What is going down on paper – into electrons, I should say – is not fluent prose but brief sentences in an Excel worksheet. It’s my fourth attempt to organize this monster in Excel. Fourth time’s the charm.

My earlier worksheets were chimaeras. Along the horizontal axis were the four murders I had concocted. Each column was meant to state, in chronological order, “what happened.” The difficulty was that everybody’s “what happened” was different from everybody else’s.

I don’t mean just the characters, though each of them had his or her own body of knowledge about who was where, when and why, and above all, who hated whom. I also had to keep track of what happened as far as the reader knew. And of things that had happened all right, but that were supposed to make no sense until the big reveal at the end. And of the little event-clouds that shroud those baffling happenings in ordinariness for the time being.

Since my mystery is a cozy, my detective is an amateur. Her personal life impinges deeply on her need to solve the mystery. Her biggest personal problem (illness) needs to be consistent with the action. Even more, it needs to cast light on her actions, and outside events have to feed back into her situation. I added another column.

Her biggest challenge in outward life (a lawsuit) demanded a similar treatment. Add another column.

Then there were the police. They had to be hunting in all the wrong places. Their errors needed to ratchet up the dangers for the detective. Another column.

On top of that, mere order of events wasn’t enough. I needed specific dates for every event. Can’t have people building snowmen in May (actually, you can do that sometimes here in New Hampshire) or going on a shopping binge on Christmas Day.

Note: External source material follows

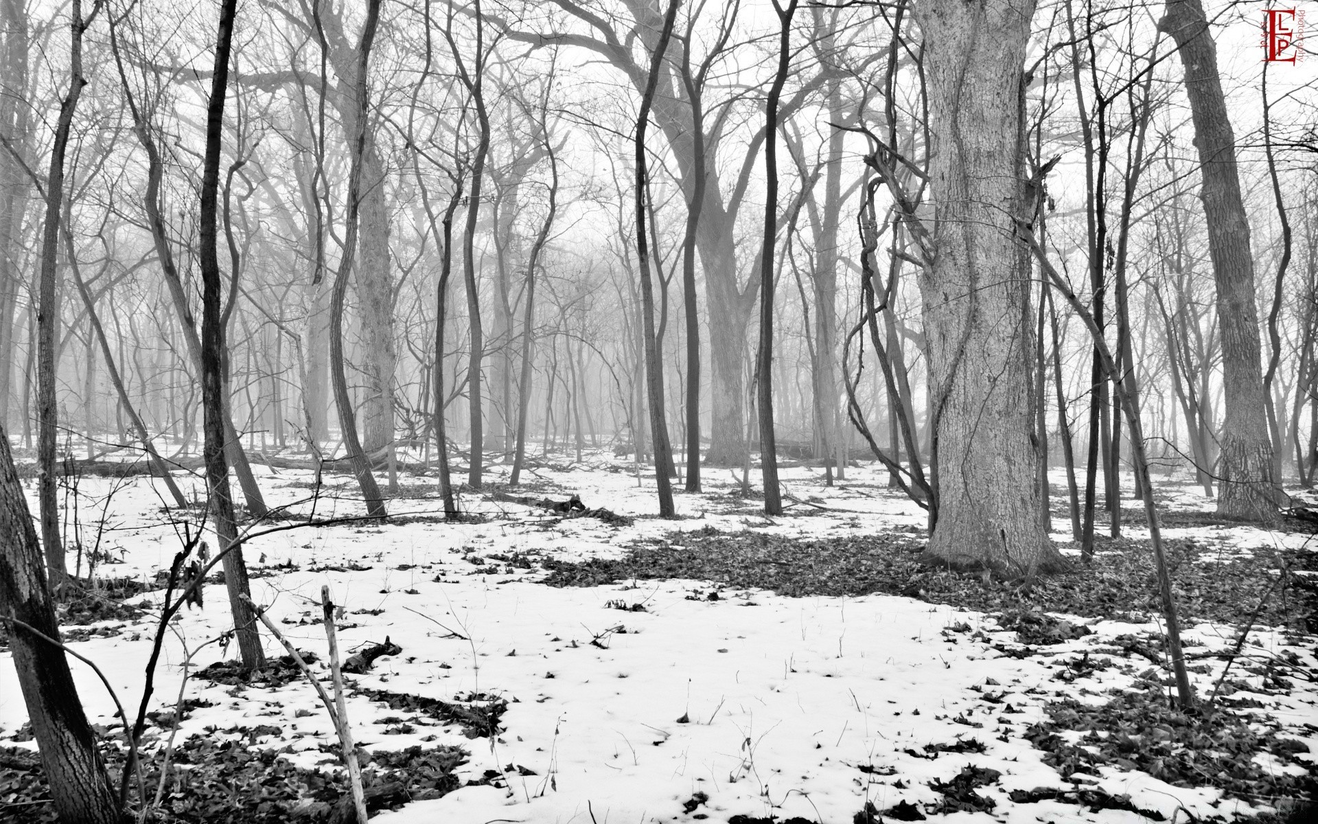 Winter forest in monochrome gray

You can imagine what a ragbag my worksheet became. Columns could be plot threads, themes, or characters. I found myself copying and pasting the contents of one box into three more, where they were just as relevant. Excel can be an excellent disordering technique.

Now I think I’ve got it. In the new worksheet, each column represents a single character and its contents are single-minded: what does this person want right now, and how does s/he go about getting it? No date column yet, but I think I’ll be able to stagger each character’s moves with the others – and possibly get them into a tighter, tenser order. That’s to say nothing of the way the author’s errors light up. I wasn’t half-way through entering my data before I found the murderer acting directly against his own interests. Duh.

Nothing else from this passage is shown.